(DATASET CONTENT Opens)

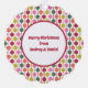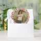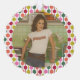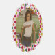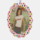 Añade tu propia foto de personalizado al frente de estas tarjetas de adorno y tu mensaje al reverso. Presentan un patrón geométrico de estilo retro en los años 70 Navidades de colores rojo, verde oscuro, verde limón, rosa y naranja. Tu texto está en negrita con letras rojas.
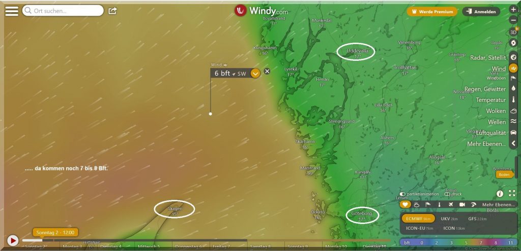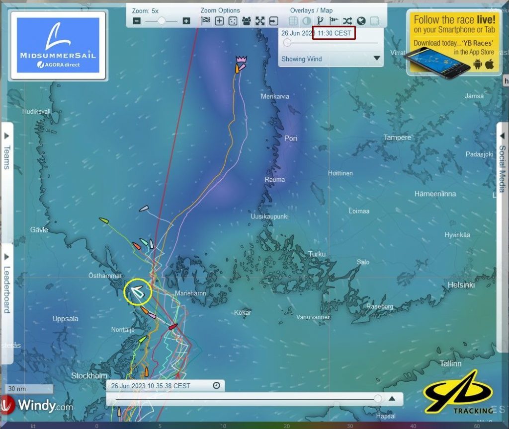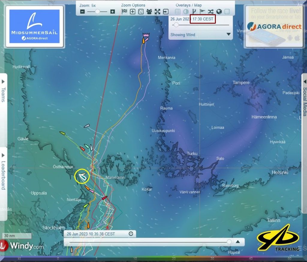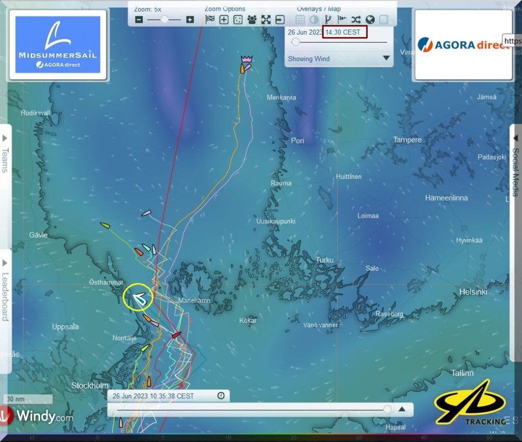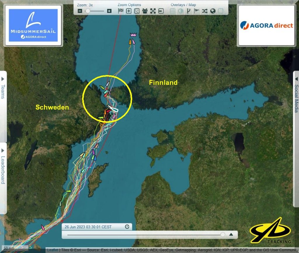 Der Nordwind wird im Laufe des Vormittags wohl eine östliche Komponente bekommen. Dann können die Yachten auf Habwindkurs gehen und Speed machen und durch das „Nadelöhr“ zwischen Stockholmer Schärengürtel und den Ålandinseln/F in den Bottnischen Meerbusen einaufen.
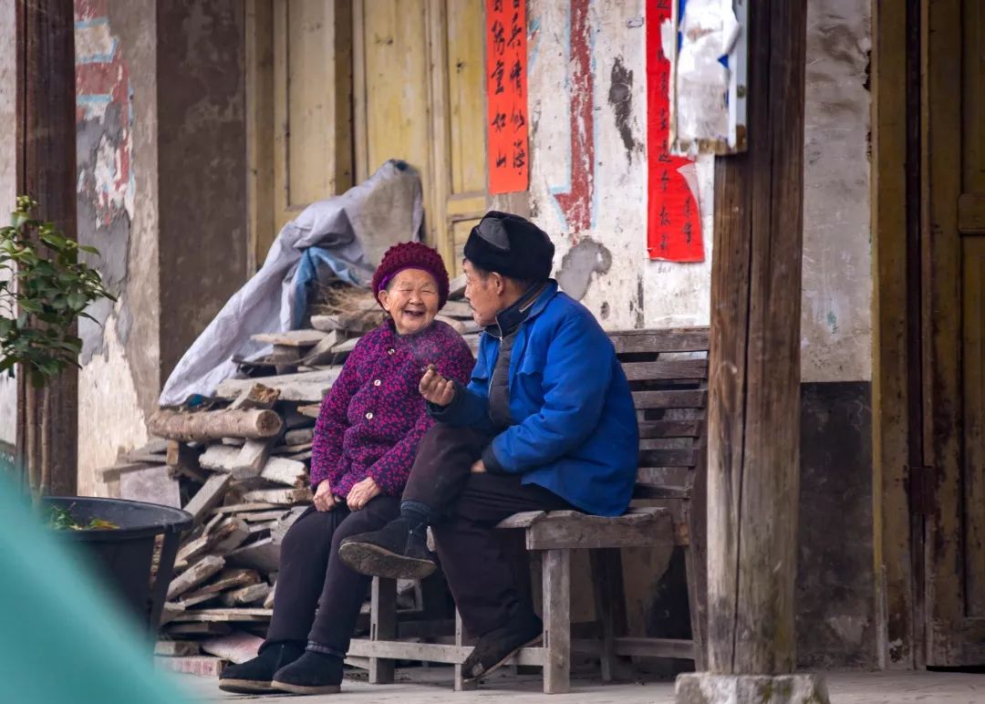 2019-01-27,湖北利川。相伴終生,白頭到老,就是最浪漫的事。利川市黃泥塘一對(duì)夫妻在一起開心地聊天。作者:利川六哥
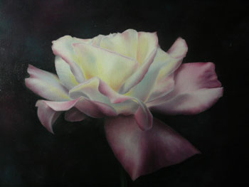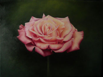 Description: Double Delight rose with pink to cream hues on dark ground. Oil on 12x16 Gallery stretched canvas.
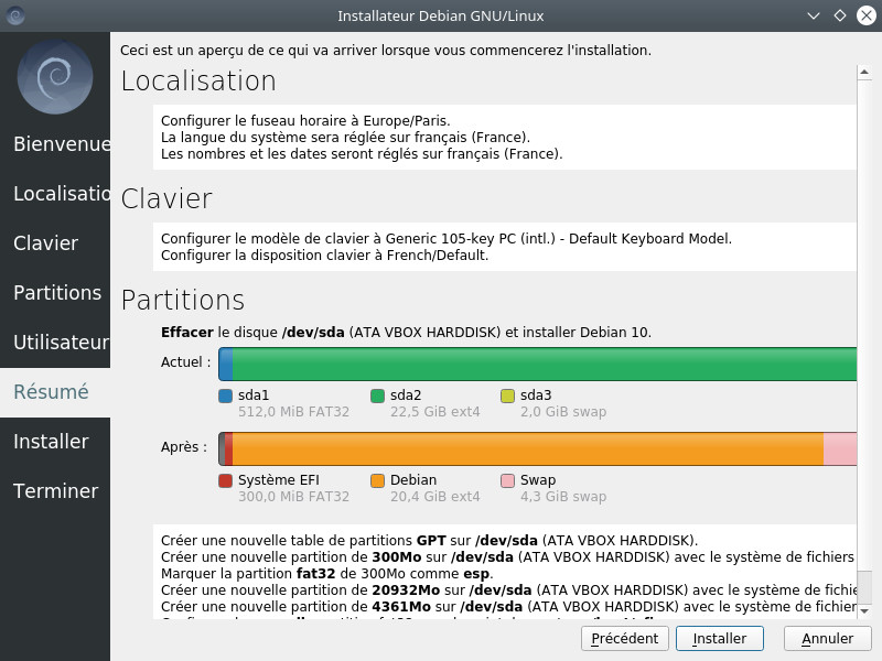 L’onglet Résumé porte bien son nom… prenez quelques instants pour vérifier les informations fournies car une fois que vous aurez cliqué sur “Installer”, le formatage des partitions commencera. En cas d’erreur, vous pouvez encore revenir en arrière avec le bouton “Précédent”.
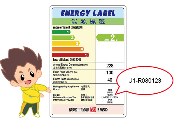 由2015年11月25日起,在本港市場供應的上述3類電氣產品,必須附有新能源效益評級標準的能源標籤。新級別的標籤會在參考編號前加上「 U1 」字頭,其他樣式則保持不變,例如:

(DATASET CONTENT Closes)

» **REQUIREMENT**
Every entry should be returned exactly as written, minus the pictures.

» **RESULT FOR THIS TASK**
 Añade tu propia foto de personalizado al frente de estas tarjetas de adorno y tu mensaje al reverso. Presentan un patrón geométrico de estilo retro en los años 70 Navidades de colores rojo, verde oscuro, verde limón, rosa y naranja. Tu texto está en negrita con letras rojas.
 Der Nordwind wird im Laufe des Vormittags wohl eine östliche Komponente bekommen. Dann können die Yachten auf Habwindkurs gehen und Speed machen und durch das „Nadelöhr“ zwischen Stockholmer Schärengürtel und den Ålandinseln/F in den Bottnischen Meerbusen einaufen.
 2019-01-27,湖北利川。相伴終生,白頭到老,就是最浪漫的事。利川市黃泥塘一對(duì)夫妻在一起開心地聊天。作者:利川六哥
 Description: Double Delight rose with pink to cream hues on dark ground. Oil on 12x16 Gallery stretched canvas.
 L’onglet Résumé porte bien son nom… prenez quelques instants pour vérifier les informations fournies car une fois que vous aurez cliqué sur “Installer”, le formatage des partitions commencera. En cas d’erreur, vous pouvez encore revenir en arrière avec le bouton “Précédent”.
 由2015年11月25日起,在本港市場供應的上述3類電氣產品,必須附有新能源效益評級標準的能源標籤。新級別的標籤會在參考編號前加上「 U1 」字頭,其他樣式則保持不變,例如:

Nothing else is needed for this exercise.